何かが爆発した訳ではない。デビルーク王が
彼の首をデビルーク王の小さな手が掴み上げ、呼吸を無理矢理に止める。
「なら、力尽くだ。お前が納得するまでボコボコにしてやるよ」
苦悶の表情を浮かべていた彼だったが、ふと、その顔から感情の色が消える。
グチャリと、デビルーク王の手の中から果実が潰れるような音がした。
「っ!?」
セフィは悲鳴を上げそうになるが、手を口に押し当てそれを堪える。
ゴトリと、鈍い音を立てて何かが落ちる。支えを失った彼の身体は崩れ落ちた。
「テメェ、自分の身体に何て物を仕込んでやがる……」
「昔拘束されたときに使ってた小道具だよ。そんな大したものじゃない、ただ首を圧迫して千切るだけだよ」
彼は床に落ちたチョーカーを拾う。
「ルシオン、これ以上は止めにしよう。俺がしないといけないのは人助けとかそういうもので、争い事じゃないんだ」
彼自身が争うのも、彼が原因で争いが起きるのも彼は望まない。
「良く言うぜ。武者修行の幼気な少年をボロ雑巾みてぇにしたクセによ」
「俺にだって荒れてる時期はあるよ」
「諦めねぇからな」
「勝手にするといい。どうせ一生叶わないだろうけどね」
方法は強引だが、デビルーク王なりに彼の事を考えた事は彼も理解している。
少し調べたら彼がどういった生活を送って来たかは解る。誰もが喉から手が出る程に求める存在であるがために安住の約束された居場所はなく、本当の意味で理解者が現れる事もない。
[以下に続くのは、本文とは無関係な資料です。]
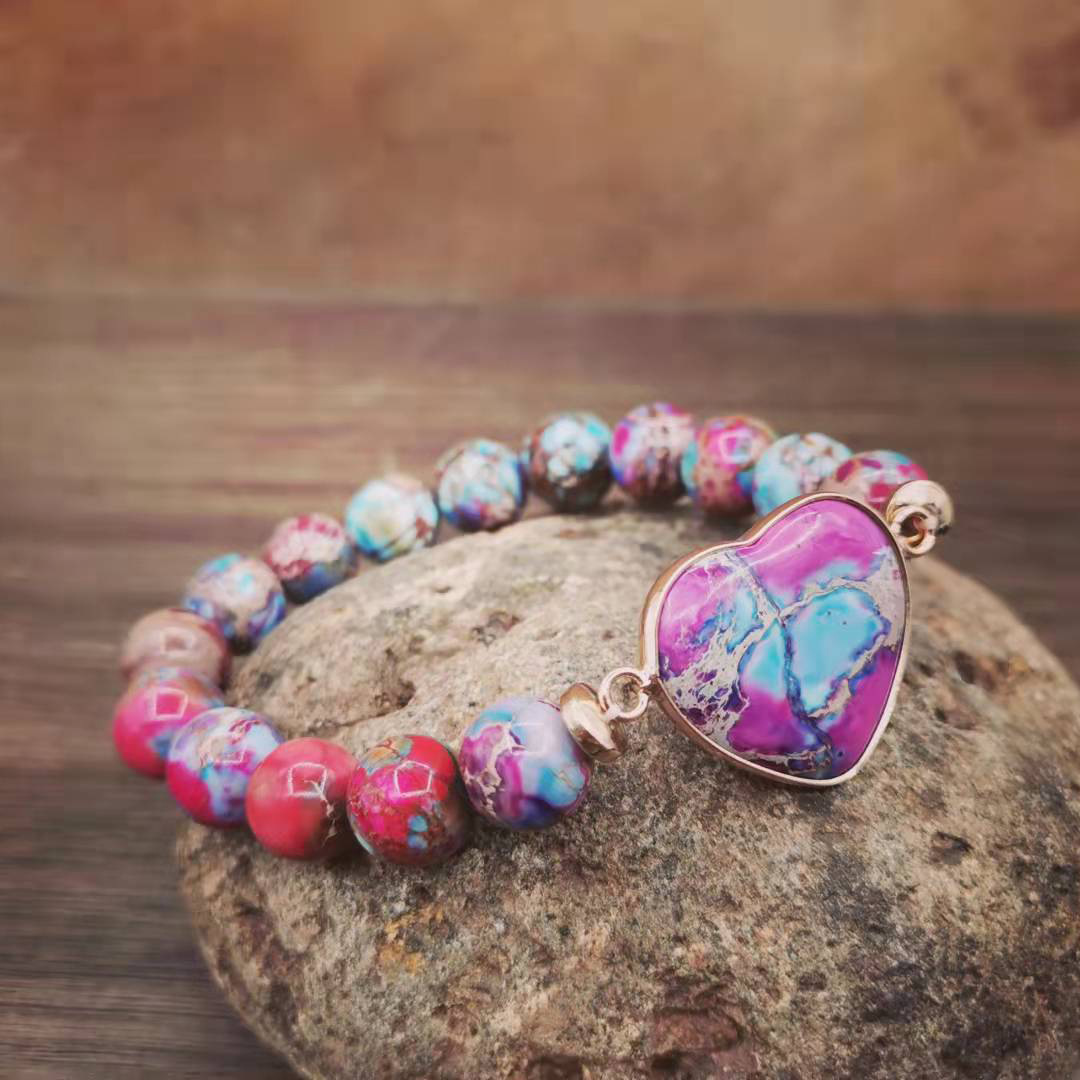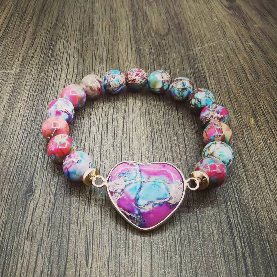 Style: National styleMaterial: Semi-precious stonesType: BraceletStyle: Women'sShape: Heart shapeInlay material: alloy inlaid artificial gems/semi-precious stonesPopular elements: ethnic

過去に彼と親しくなる者もいたが、その者達は彼の生活のほんの一幕しか生きられなかった。その者達の手記には決まって彼より先に逝く事への懺悔が書かれている。
彼はこのまま地球へ戻るかどうかを改めて考える。
事故によって地球にしばらくいる事を考えていたが、ここはデビルーク星だ。宇宙船なら手に入る。想像していたより宇宙人が多かったあの星へ態々戻る事もない。
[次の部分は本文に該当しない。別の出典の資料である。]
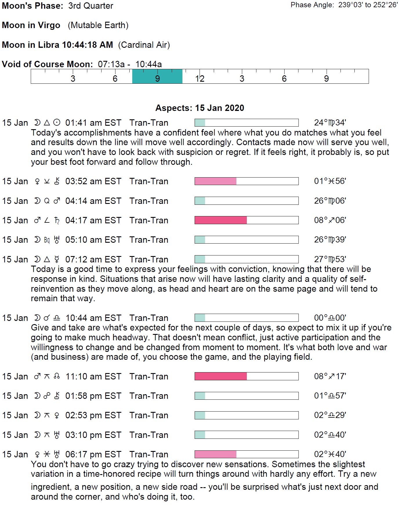 Planet Color Key: The longer the bar, the slower the aspecting planet and the longer the duration of the planet’s transit.

まぁ、彼がどう考えた所で寝ている間に地球に送り返された訳だが。双子付きで。
彼とデビルーク王との出会いは、デビルーク王が10代前半の事だった。まだ王座に就く前の話だ。
幸か不幸か、武者修行中にある星で彼に遭遇する。当時彼は精神的な疲労が重なり、端的に言って機嫌が悪かった。
長年を過ごし冷静沈着を体現していると自負していた彼でもイライラする事はあったのだ。
「お前、随分な有名人みたいだな」
「……デビルーク星人?」
デビルーク王は大戦中に生を受けたため、歴史に疎く彼がどういう存在かよく分かっていなかった。
しかも、大戦中に名を上げるのは決まって猛者であり彼もそうであると思い込んでいた。
「早速だが、修行に付き合って貰うぜ!」
そう言ってデビルーク王は彼に手刀を放ち、彼はあっさり胸を貫かれる。
呆気にとられているデビルーク王に、彼は冷たい視線を向けた。
「いきなり人を殺しにかかるとか、随分な世間は知らずみたいだね。少し痛いめに遭わせてやんよ」
彼は何をしたかというと、デビルーク王の尻尾をもいだ。
もいでは繋げ、もいでは繋げで差はあるモノのデビルーク星人の弱点である尻尾を徹底的に痛めつけた。
尻尾からビームを撃つ暇など与えない。的確に関節を決めて動きを封じたまま尻尾をもいだ。
その後、何度かデビルーク王は彼にリベンジをしようと挑むのだが彼はあれ以来攻撃を仕掛ける事はなかった。
初めてされた勝ち逃げだ。プライドの高いデビルーク王がそれを許す筈がない。彼の見た目が当時は同い年くらいに見えたのもデビルーク王の闘争心を煽った。一方的なライバル認定だ。
が、元々神出鬼没な彼だ。そもそも出会う事が稀である。
彼についての情報を集めると、綺麗に2つに分かれていた。
一方は彼の利用価値がについて。彼の利用価値や、その能力について語られる事だ。
もう一方は、救世主扱いされている彼の事だった。
奇病に侵された国を救い、不治の病を治療し、伝染病を見事に消し去った。その事に求めた対価は些細な食事や衣服、宇宙船の燃料だったとか。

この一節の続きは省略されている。